* _AVAILABLE DATA_
☆ ☆ ☆ ☆

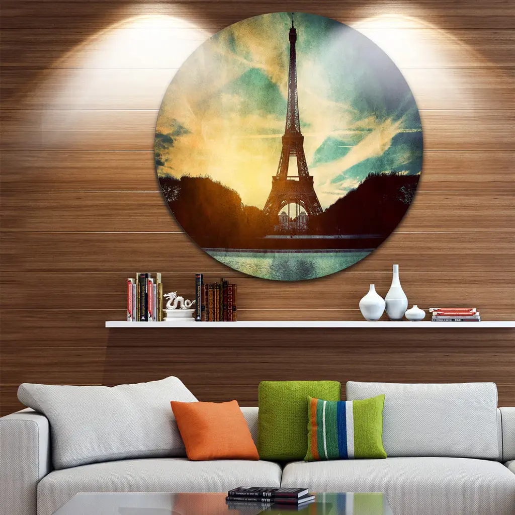 Eiffel Tower Retro Style, Cityscape Round Wall Art, 38"
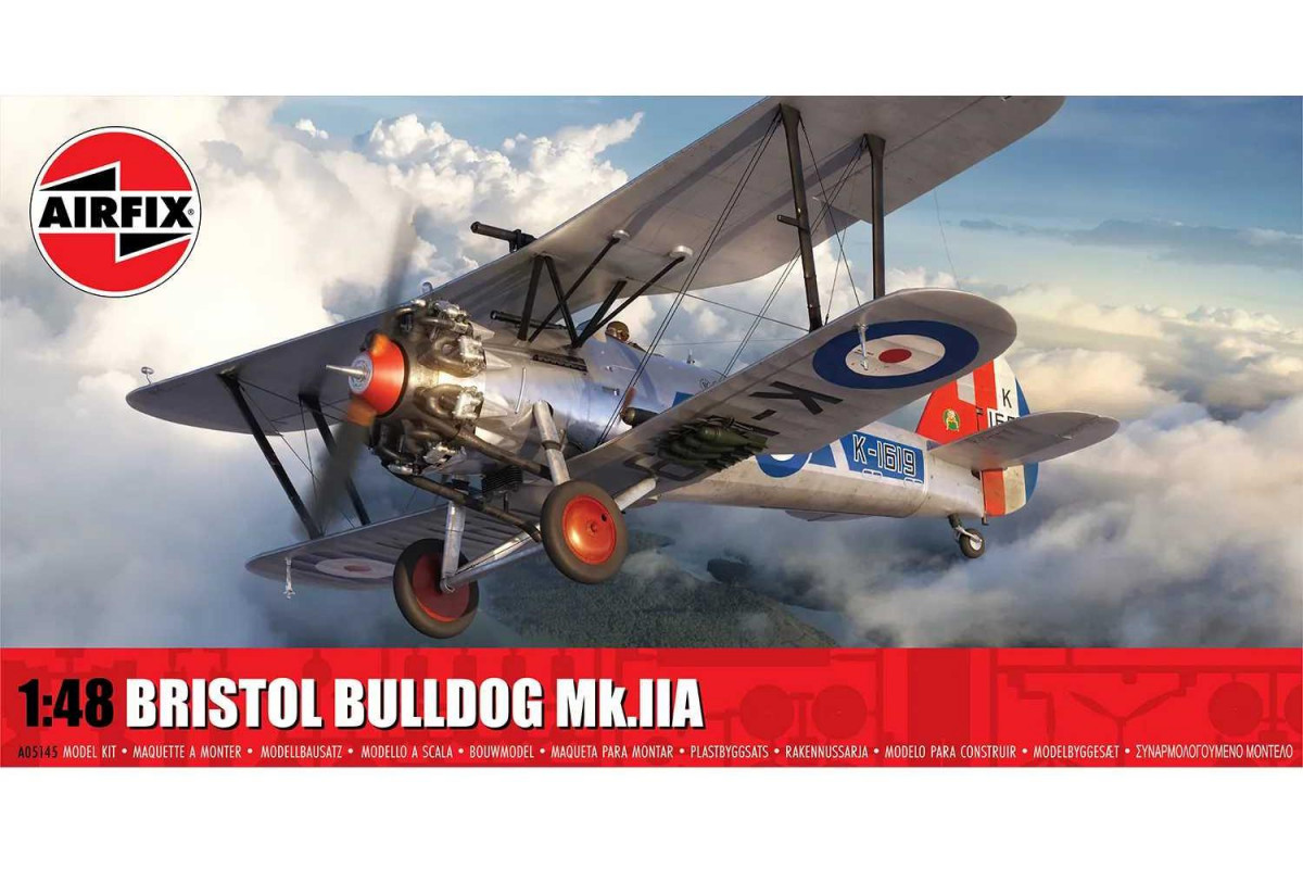 Stavebnica Bristol Bulldog Mk.IIA v mierke 1:48 zobrazuje britský dvojplošný stíhací lietadlo z medzivojnového obdobia, ktoré bolo v 30. rokoch hlavným stíhačom RAF.
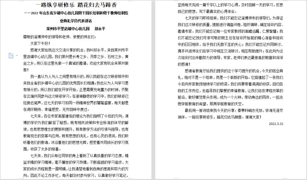 结业仪式上,优秀学员代表莱州市平里店镇中心幼儿园园长郑永平向大家汇报了学习感受和培训收获,对淄博师专提供的学习提升机会表示了衷心的感谢。并表示此次培训开阔了工作思路,提升了教育理念,今后将以此为契机,认真反思总结,不断学习、不断进步,做好模范带头作用,为幼教事业贡献绵薄之力。
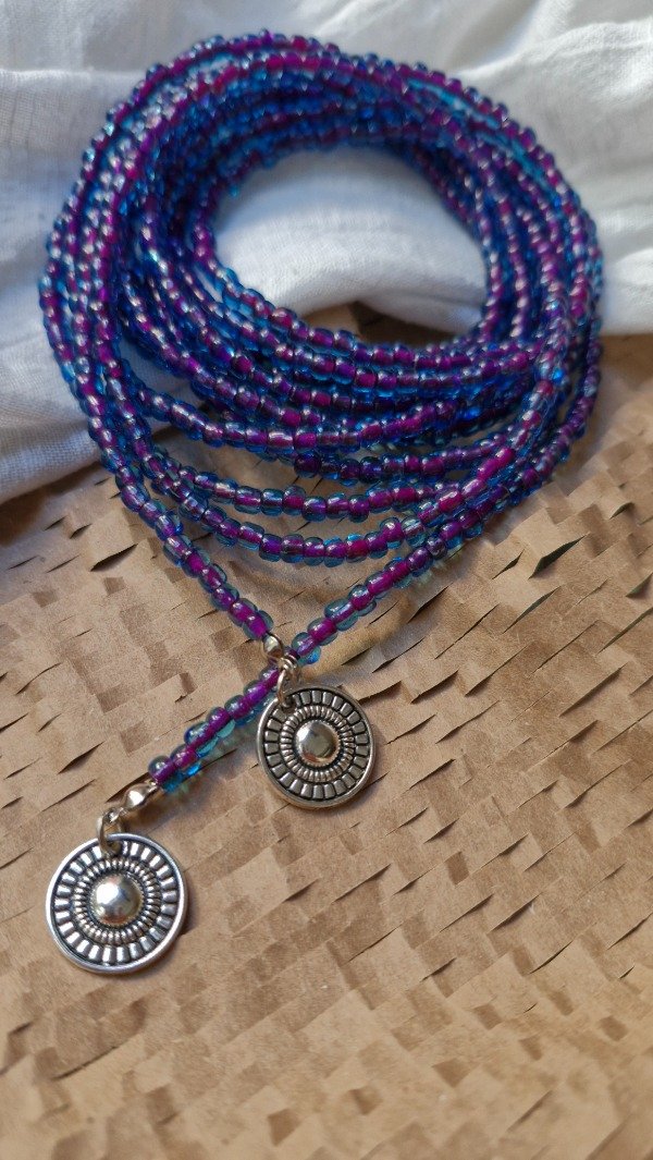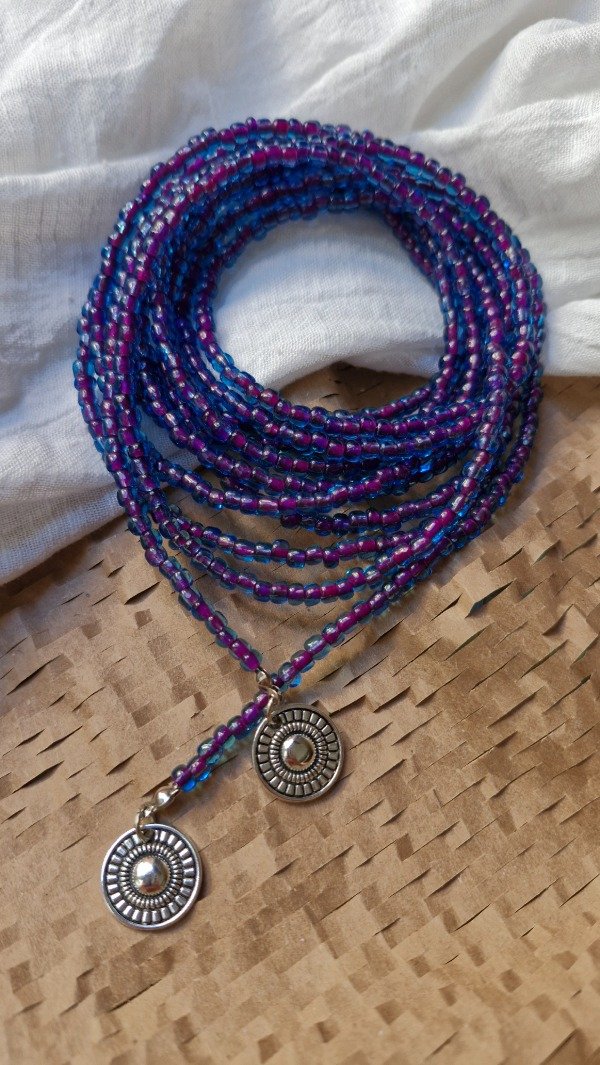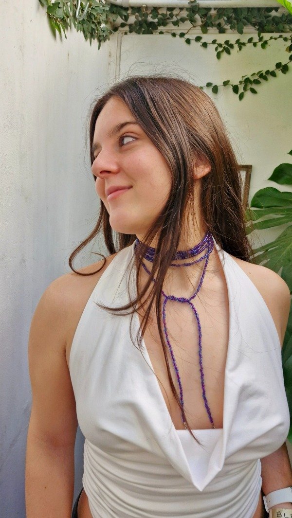 Collar para usar como desees, enroscado en el cuello o bien logrando un efecto cascada de 240 cm de largo. Es ideal para combinar con otros collares.

☆ ☆ ☆ ☆

* _WHAT TO DO_
Using the material above, set down every line exactly, but skip the pictures.

* _REPLY TO THE TASK_
 Eiffel Tower Retro Style, Cityscape Round Wall Art, 38"
 Stavebnica Bristol Bulldog Mk.IIA v mierke 1:48 zobrazuje britský dvojplošný stíhací lietadlo z medzivojnového obdobia, ktoré bolo v 30. rokoch hlavným stíhačom RAF.
 结业仪式上,优秀学员代表莱州市平里店镇中心幼儿园园长郑永平向大家汇报了学习感受和培训收获,对淄博师专提供的学习提升机会表示了衷心的感谢。并表示此次培训开阔了工作思路,提升了教育理念,今后将以此为契机,认真反思总结,不断学习、不断进步,做好模范带头作用,为幼教事业贡献绵薄之力。
 Collar para usar como desees, enroscado en el cuello o bien logrando un efecto cascada de 240 cm de largo. Es ideal para combinar con otros collares.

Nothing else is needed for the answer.